歌詞を味わうブログ

1980年代から1990年代の日本のポップスの歌詞を味わうブログ

『六本木心中』 作詞:湯川 れい子

2021-07-24 07:41:00 | 歌詞を味わう
リリース:1984年

今週も当ブログを訪問いただきありがとうございます。
本当に全国的に猛暑が続いていますが、皆さん体調はいかがですか

さて今週はアン・ルイスのヒット曲『六本木心中』を取り上げます。
作詞家の湯川れい子さんの話では、この曲のモデルになっている男性は、吉川晃司さんだとおっしゃっていましたが、それを同じ所属だった渡辺プロの先輩アン・ルイス目線で書いているようなのですね。

なんか、そういう前提があると歌詞の味わいようがなくなってしまいそうですが、エキスだけでも絞るように味わってみようかと思います。
ではさっそく1番の歌詞から見ていきましょう。

「だけど こころなんて

お天気で 変わるのさ
長いまつ毛が ヒワイねあなた
罪な目つきをしてさ「命あげます」なんて
ちょっと場末のシネマしてるね」

「この街は広すぎる
BIG CITY IS A LONELY PLACE
独りぼっちじゃ 街のあかりが
人の気を狂わせる」

「櫻吹雪に ハラハラすがり
あなたなしでは生きてゆけぬ
うぬぼれないで言葉じゃダメさ
男らしさを立てておくれ」

曲名に六本木とありますが歌詞には登場しません。
でも六本木を「BIG CITY IS A LONELY PLACE」と表現していますね。
そういった気を狂わせるような孤独を感じさせる街が背景となっているのですね。
私は昼の六本木しか知らないので、夜には別の顔があるのかもしれません。
そして曲名のもう一つのキーワードである「心中」ですが、「命あげます」という歌詞しか関係する歌詞は見つかりません。
その言葉さえ、本気でそう言っているというよりは、大見得を切っているだけのように感じます。
続いて2番の歌詞を見ていきましょう。

「遊び相手となら お手玉も出来るけど
いつか本気になるのが恐い
年下のくせしてさ ヤキモチ焼くなんて
あなた売れないジゴロみたいね」

「夜更けに目を覚ませば
BIG CITY IS A LONELY PLACE
人の寝息がベッドにあれば
夢のつづきが見れる」

「そっと横顔 息つめて見る
あなたなしでは生きてゆけぬ
あしたになれば陽はまた登る
女ですもの泣きはしない」

「CAN'T LIVE WITHOUT YOU BABE
CAN'T LIVE WITHOUT YOU BABE
CAN'T LIVE WITHOUT YOU BABE
DON'T WANNA LET YOU GO」

吉川晃司さんのことをヤキモチ焼きで売れないジゴロのようだと言いつつ、「あなたなしでは生きてゆけぬ」とは、女性ならではの気持ちの移ろいやすさを表現していますね。
でも、「あなたなしでは生きてゆけぬ」と言うのは、生きようとしていることの証左。

そこで少し考えてみたいのが心中という言葉。
現代の経済的に追い詰められて一家無理心中という場面とは少し趣旨が違うと思いますが、
江戸時代に相思相愛の男女が周囲の反対に抗しきれず、自殺または殺人幇助をするという場合の方が近いかもしれません。
でも、吉川晃司さんとアン・ルイスさんは、そのような本当に命を落とすようなことをすると表現しているのではなく、ついでに言えば吉川晃司さんが桑名正博さんにヤキモチを焼いてもいないわけで、そこは軽く考えましょう。

心中から自殺の要素を除いた相思相愛という言葉について考えてみたいのですが、
goo辞書の相思相愛の項目の注記では…

「相」は、相手の意と、相互の意と二つの意がある。
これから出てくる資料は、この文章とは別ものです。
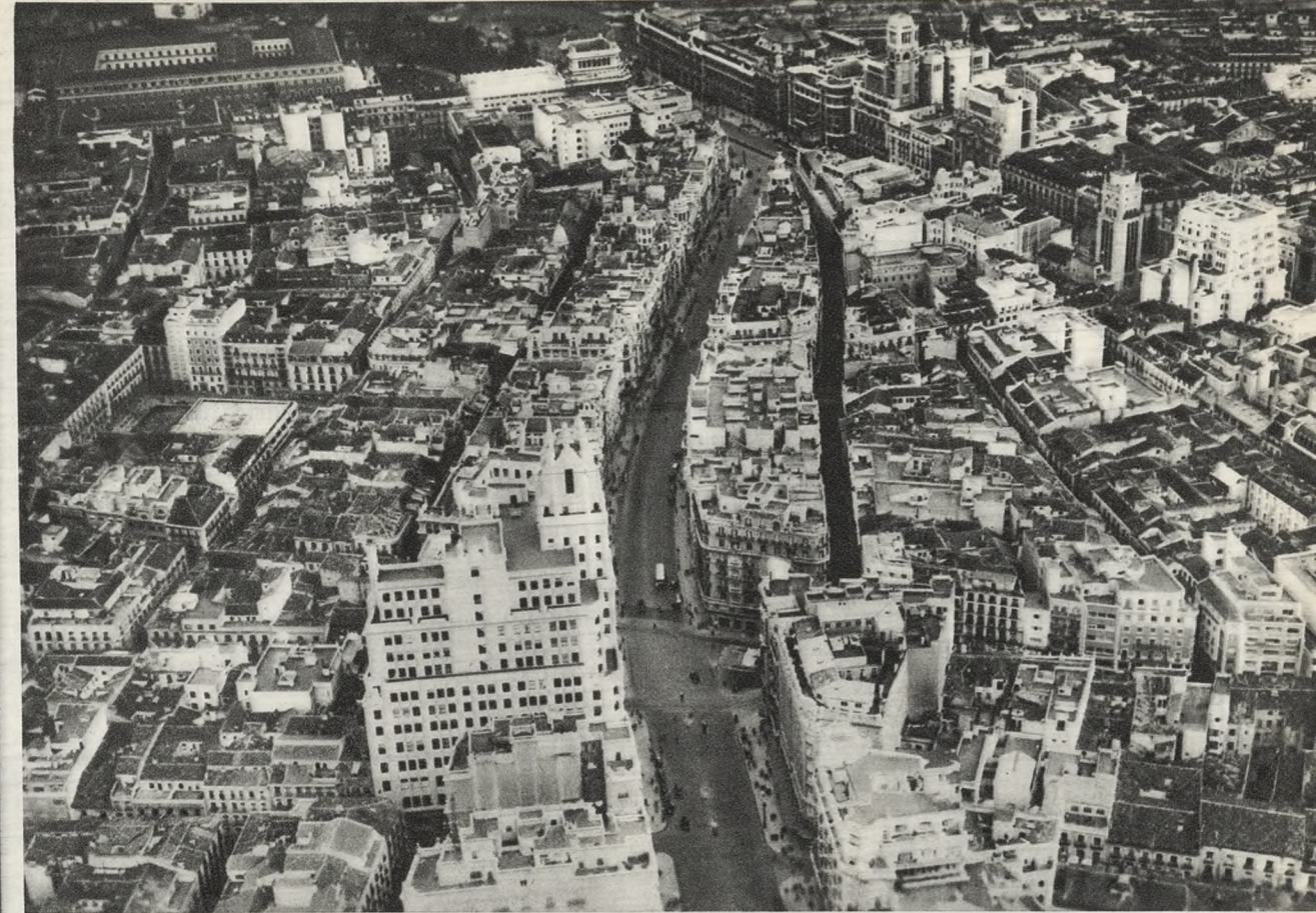
Vista aérea del primero y segundo trozos de la Gran Vía de José Antonio. En primer término, la Telefónica. Al fondo, a la derecha, sobre la calle de Alcalá, los altos edificios del Banco Vitalicio, «La Unión y el Fénix» y el Círculo de Bellas Artes, los relativos «rascacielos» de la bella capital española.

「相思」は、相手を一方的に慕うことで、「相愛」は、相手を一方的に愛することであったが、この二語が結びついたら、お互いに慕い合い愛し合うという意になった。

ですから、一方的に愛するのではなくて、相互性が必要だということなんですね。
『六本木心中』の歌詞の中の二人はまだそこまで至っていないように感じますが、そういう相思相愛の仲になれたら素晴らしいですね。

今週も最後までお読みくださりありがとうございました。
まだまだ猛暑が続くと思われます。
水分補給もそうですが、アイスノンなどを使ってこの猛暑を乗り切りましょう。